** WHAT THE TASK ASKS **
All pictures must be left out as you transcribe the lines from the first line of the data to the line containing "Mar 2000: I", both included.
※ ※ ※
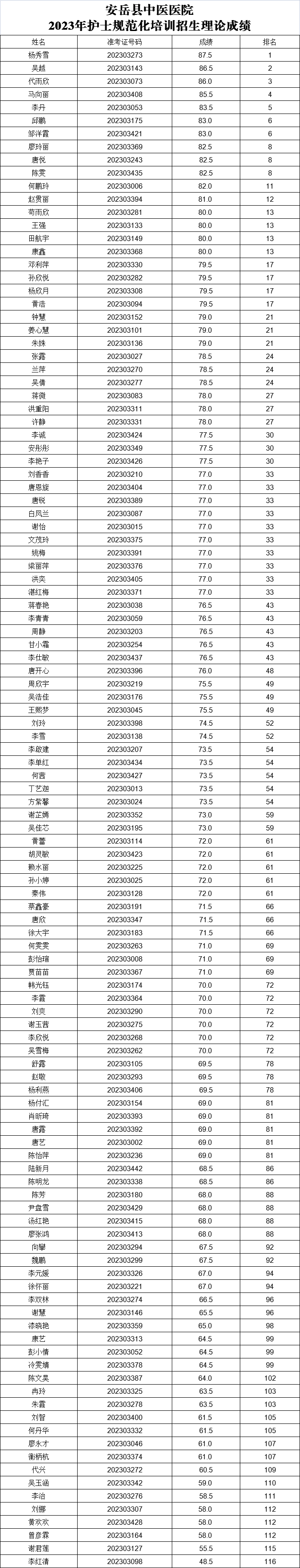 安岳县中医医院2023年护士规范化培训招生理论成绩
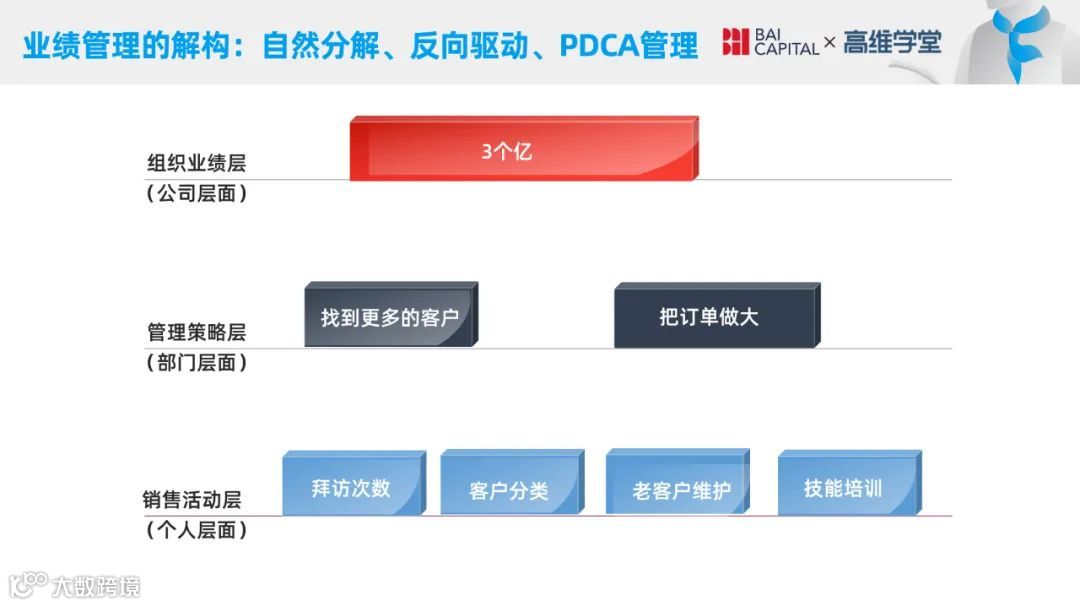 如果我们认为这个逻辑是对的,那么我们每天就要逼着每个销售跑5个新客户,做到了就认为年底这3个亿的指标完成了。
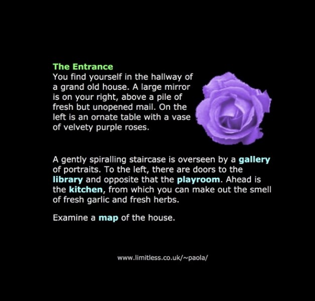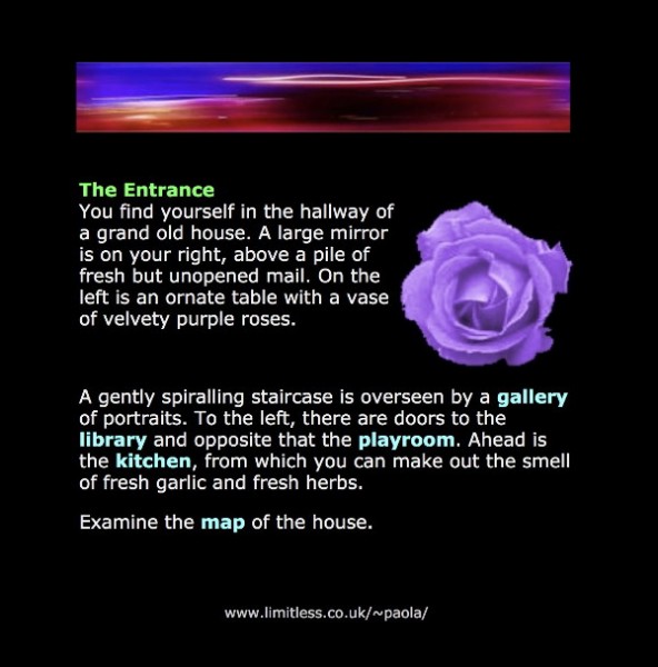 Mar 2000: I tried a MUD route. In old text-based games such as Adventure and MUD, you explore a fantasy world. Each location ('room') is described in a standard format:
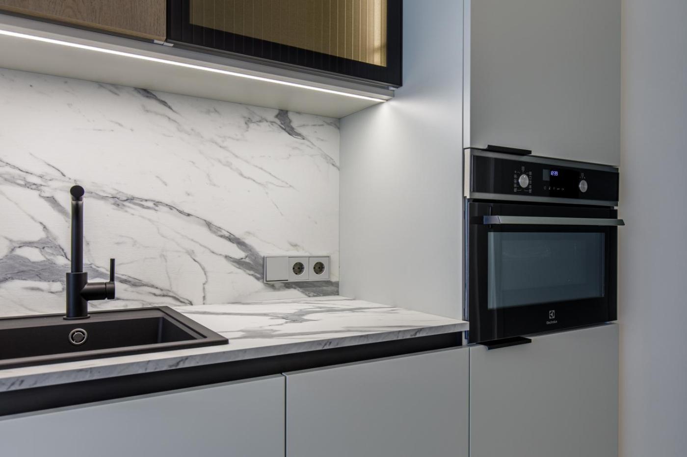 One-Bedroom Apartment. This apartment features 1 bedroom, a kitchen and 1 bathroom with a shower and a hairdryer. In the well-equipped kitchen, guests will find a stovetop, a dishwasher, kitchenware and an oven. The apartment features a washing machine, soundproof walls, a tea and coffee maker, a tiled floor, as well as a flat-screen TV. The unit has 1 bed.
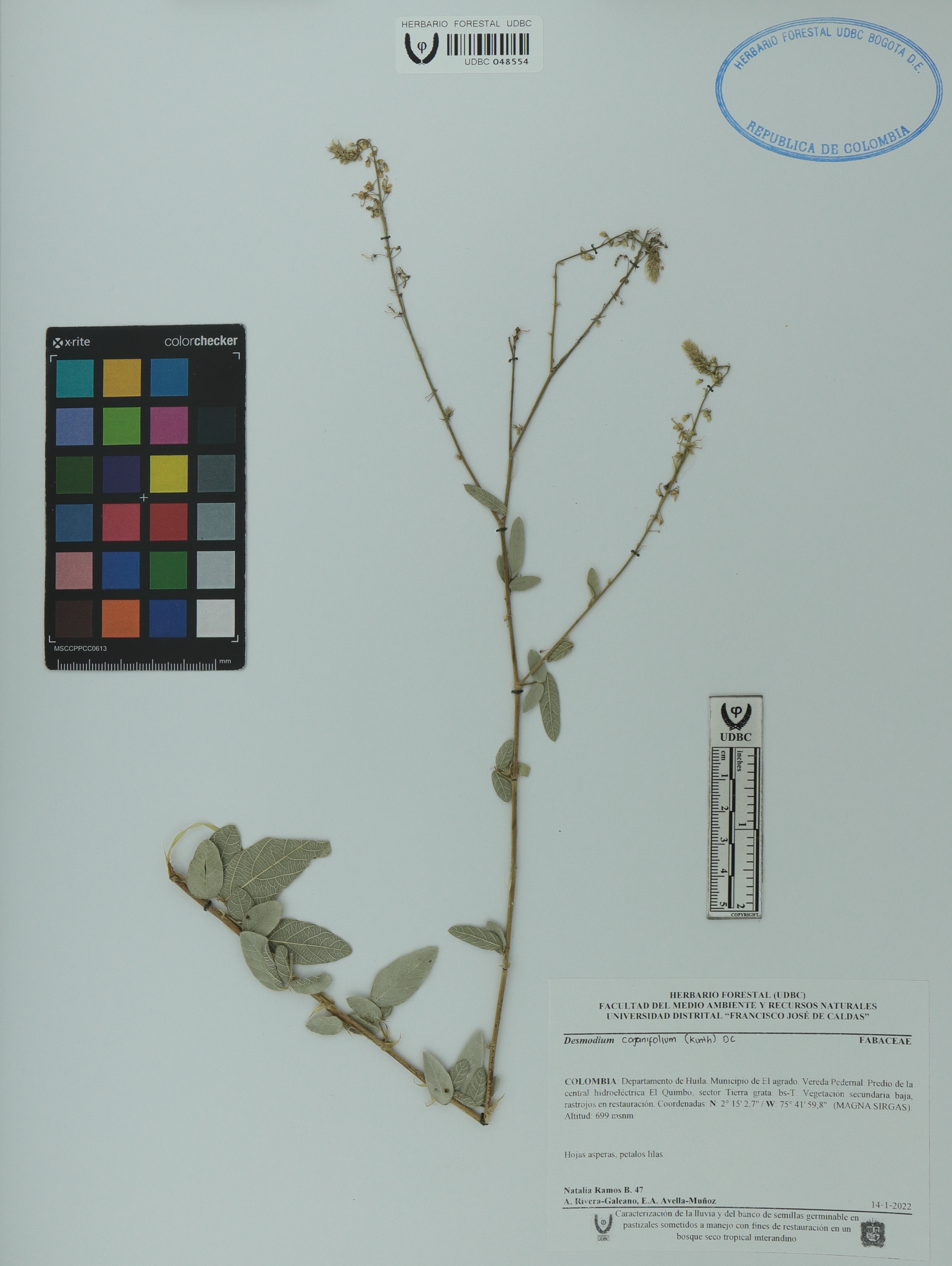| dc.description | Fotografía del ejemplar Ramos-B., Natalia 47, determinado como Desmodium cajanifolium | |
※ ※ ※
** EXPECTED ANSWER **
 安岳县中医医院2023年护士规范化培训招生理论成绩
 如果我们认为这个逻辑是对的,那么我们每天就要逼着每个销售跑5个新客户,做到了就认为年底这3个亿的指标完成了。
 Mar 2000: I tried a MUD route. In old text-based games such as Adventure and MUD, you explore a fantasy world. Each location ('room') is described in a standard format:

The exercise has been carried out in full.